Holy Gospel John 9:1-41
9 As he went along, he saw a man blind from birth. 2 His disciples asked him, “Rabbi, who sinned, this man or his parents, that he was born blind?”
3 “Neither this man nor his parents sinned,” said Jesus, “but this happened so that the works of God might be displayed in him. 4 As long as it is day, we must do the works of him who sent me. Night is coming, when no one can work. 5 While I am in the world, I am the light of the world.”
6 After saying this, he spit on the ground, made some mud with the saliva, and put it on the man’s eyes. 7 “Go,” he told him, “wash in the Pool of Siloam” (this word means “Sent”). So the man went and washed, and came home seeing.
8 His neighbors and those who had formerly seen him begging asked, “Isn’t this the same man who used to sit and beg?” 9 Some claimed that he was.
Others said, “No, he only looks like him.”
But he himself insisted, “I am the man.”
10 “How then were your eyes opened?” they asked.
11 He replied, “The man they call Jesus made some mud and put it on my eyes. He told me to go to Siloam and wash. So I went and washed, and then I could see.”
12 “Where is this man?” they asked him.
“I don’t know,” he said.
13 They brought to the Pharisees the man who had been blind. 14 Now the day on which Jesus had made the mud and opened the man’s eyes was a Sabbath. 15 Therefore the Pharisees also asked him how he had received his sight. “He put mud on my eyes,” the man replied, “and I washed, and now I see.”
16 Some of the Pharisees said, “This man is not from God, for he does not keep the Sabbath.”
But others asked, “How can a sinner perform such signs?” So they were divided.
17 Then they turned again to the blind man, “What have you to say about him? It was your eyes he opened.”
The man replied, “He is a prophet.”
18 They still did not believe that he had been blind and had received his sight until they sent for the man’s parents. 19 “Is this your son?” they asked. “Is this the one you say was born blind? How is it that now he can see?”

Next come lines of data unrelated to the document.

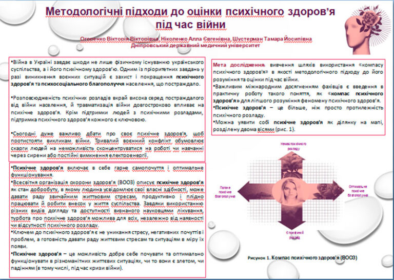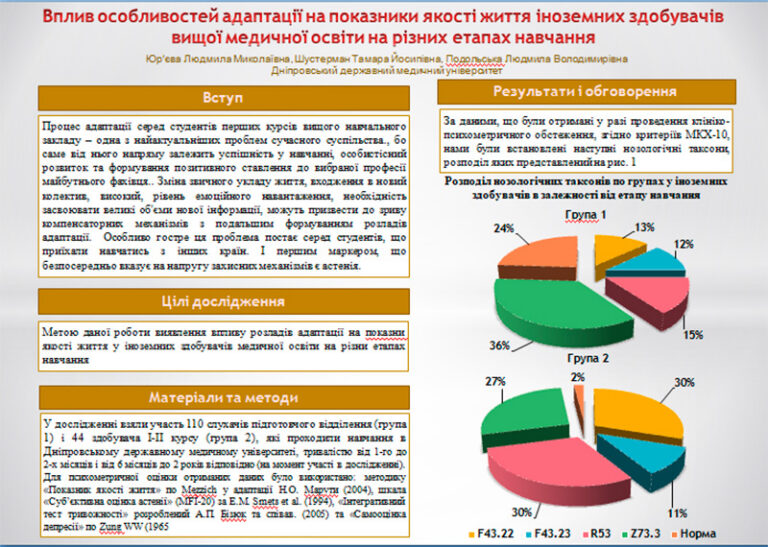 Також були представлені стендові доповіді: «Методологічні підходи до оцінки психічного здоров’я під час війни» (професор Вікторія Огоренко, доцент Алла Ніколенко, доцент Тамара Шустерман) та «Вплив особливостей адаптації на показники якості життя іноземних здобувачів вищої медичної освіти на різних етапах навчання» (професор Людмила Юр’єва, доцент Тамара Шустерман, аспірант Людмила Подольська).
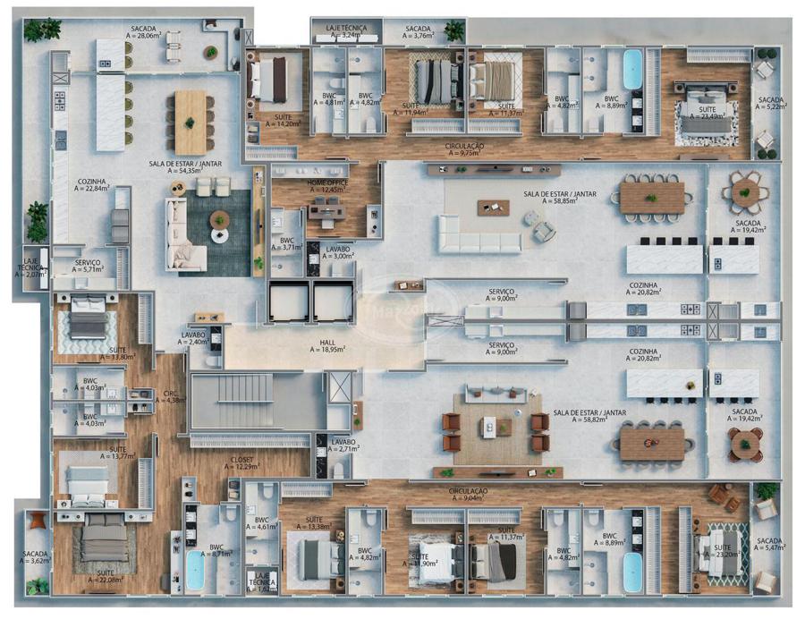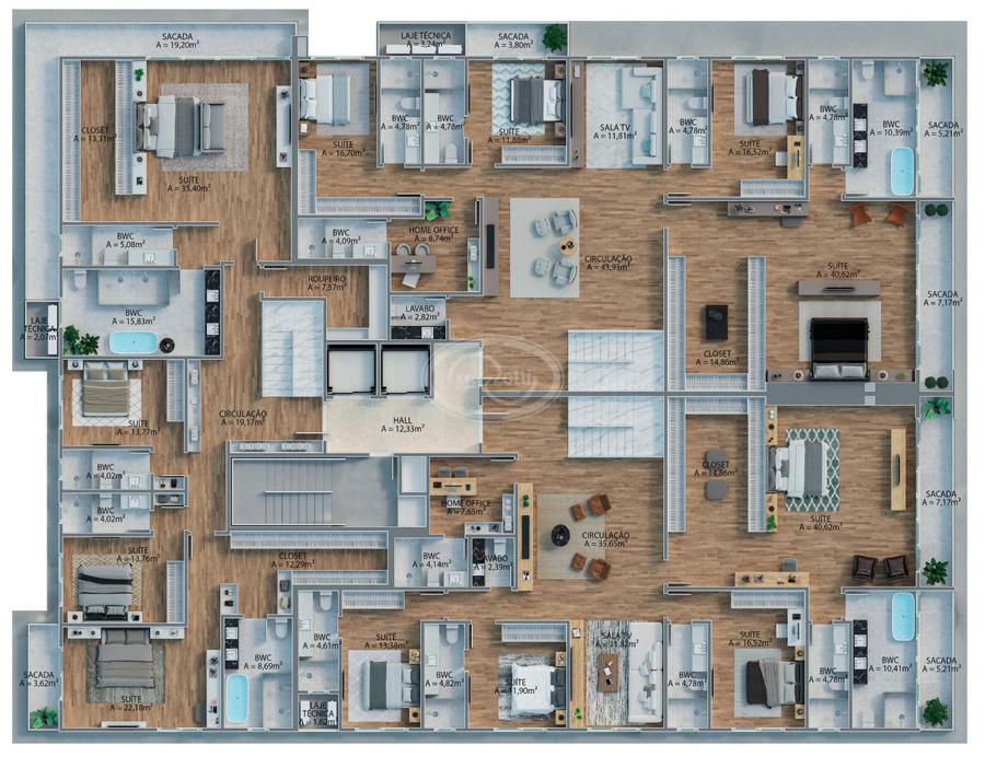 Aptos com 219m² a 251m² privativos
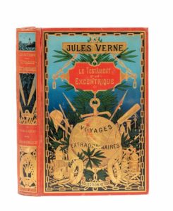 Le Testament d'un excentrique par Jules Verne. Illustrations de Georges Roux. Paris, Bibliothèque d'Éducation et de Récréation, J. Hetzel Éditeur, sd (1898). Grand in-8° double. Cartonnage éditeur polychrome «au globe doré» du 3e type. Engel Relieur. Tranches dorées. Gardes bleu-gris. Vingt planches hors-texte en couleurs ou tirées en sépia ou gris dont trois reproductions photographiques + une planche rempliée «Le Noble jeu [de l'oie] des États-Unis d'Amérique» + une carte dépliante hors-texte des États-Unis d'Amérique. Catalogue «AV» pour 1899-1900. Imprimerie Gauthier-Villars. Édition originale illustrée et premier cartonnage. Minuscule petite tache dans le cartouche du titre au 1er plat. Sinon, bel exemplaire.
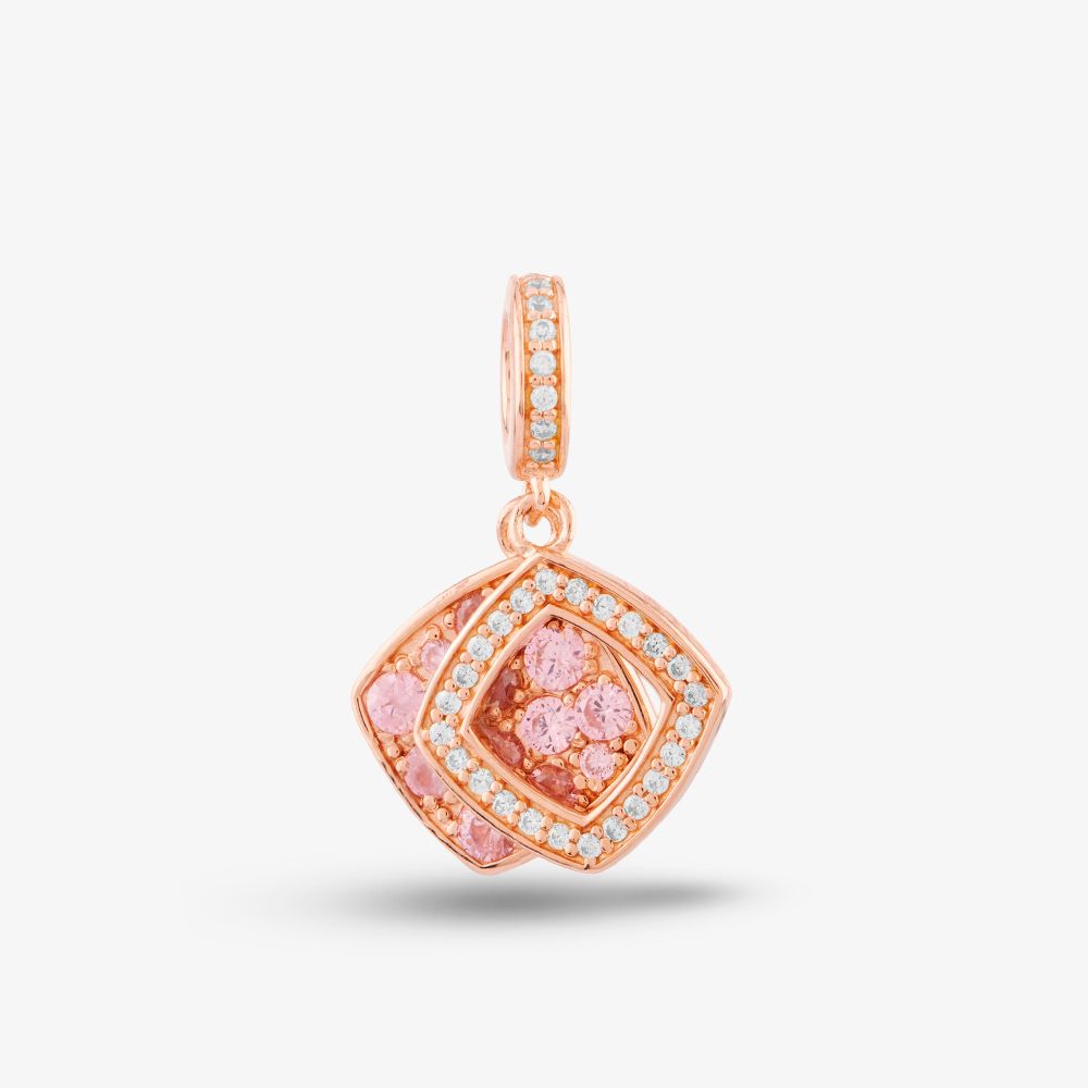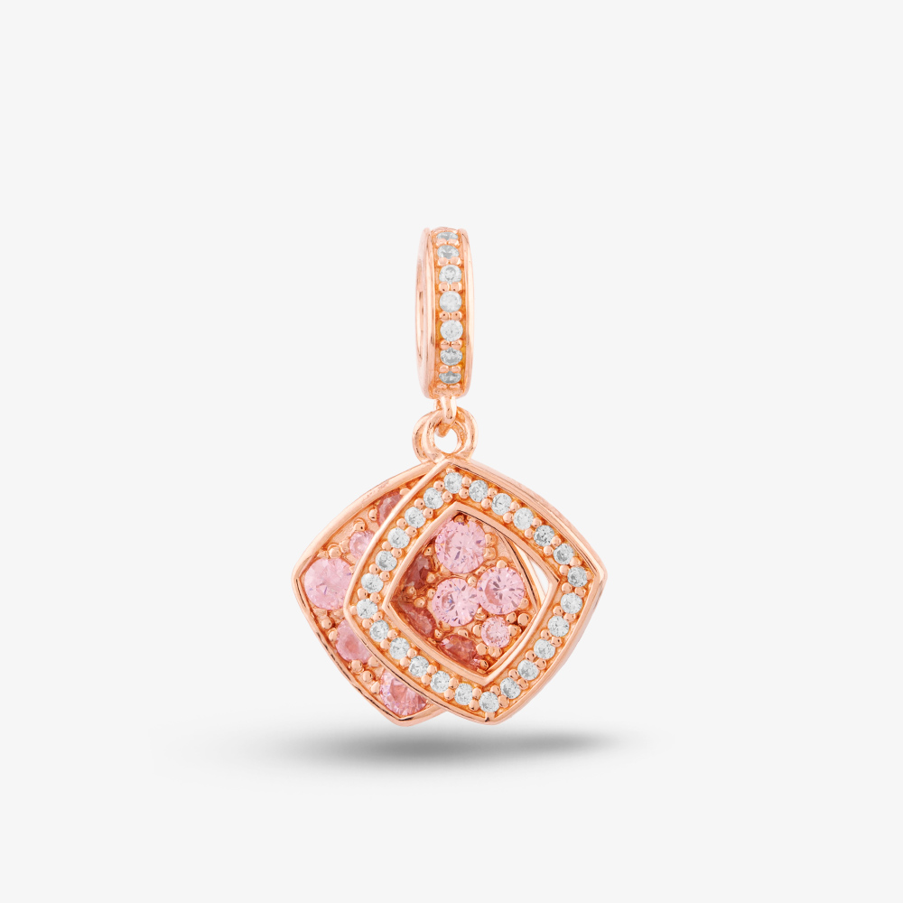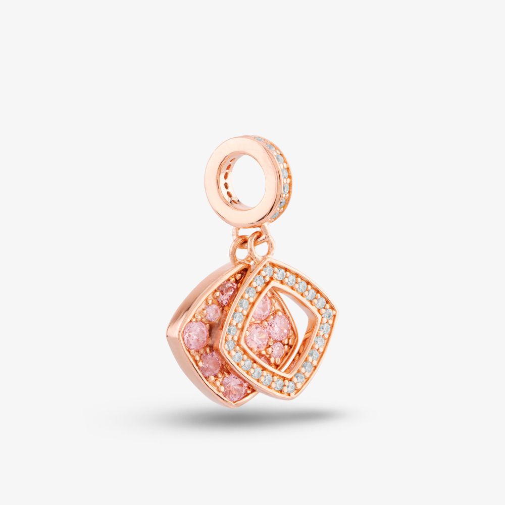 Rosa Lea Rose Gold-Plated 2 Square Dangle Charm AM-THB032206 is crafted from sterling silver with rose gold plating. This double dangle charm includes a back square decorated with pink cubic zirconia stones in various sizes, set in four claws. Another square is featured on top of the back square, including multiple clear cubic zirconia stones for added contrast.
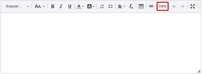 Кнопка «Html» позволяет перейти в режим редактирования в HTML-коде. С помощью этой функции вы можете интегрировать свои скрипты.

20 “We know he is our son,” the parents answered, “and we know he was born blind. 21 But how he can see now, or who opened his eyes, we don’t know. Ask him. He is of age; he will speak for himself.” 22 His parents said this because they were afraid of the Jewish leaders, who already had decided that anyone who acknowledged that Jesus was the Messiah would be put out of the synagogue. 23 That was why his parents said, “He is of age; ask him.”
24 A second time they summoned the man who had been blind. “Give glory to God by telling the truth,” they said. “We know this man is a sinner.”
25 He replied, “Whether he is a sinner or not, I don’t know. One thing I do know. I was blind but now I see!”
26 Then they asked him, “What did he do to you? How did he open your eyes?”
27 He answered, “I have told you already and you did not listen. Why do you want to hear it again? Do you want to become his disciples too?”
28 Then they hurled insults at him and said, “You are this fellow’s disciple! We are disciples of Moses! 29 We know that God spoke to Moses, but as for this fellow, we don’t even know where he comes from.”
30 The man answered, “Now that is remarkable! You don’t know where he comes from, yet he opened my eyes. 31 We know that God does not listen to sinners. He listens to the godly person who does his will. 32 Nobody has ever heard of opening the eyes of a man born blind. 33 If this man were not from God, he could do nothing.”
34 To this they replied, “You were steeped in sin at birth; how dare you lecture us!” And they threw him out.
35 Jesus heard that they had thrown him out, and when he found him, he said, “Do you believe in the Son of Man?”
36 “Who is he, sir?” the man asked. “Tell me so that I may believe in him.”
37 Jesus said, “You have now seen him; in fact, he is the one speaking with you.”
38 Then the man said, “Lord, I believe,” and he worshiped him.
39 Jesus said, “For judgment I have come into this world, so that the blind will see and those who see will become blind.”
40 Some Pharisees who were with him heard him say this and asked, “What? Are we blind too?”
41 Jesus said, “If you were blind, you would not be guilty of sin; but now that you claim you can see, your guilt remains.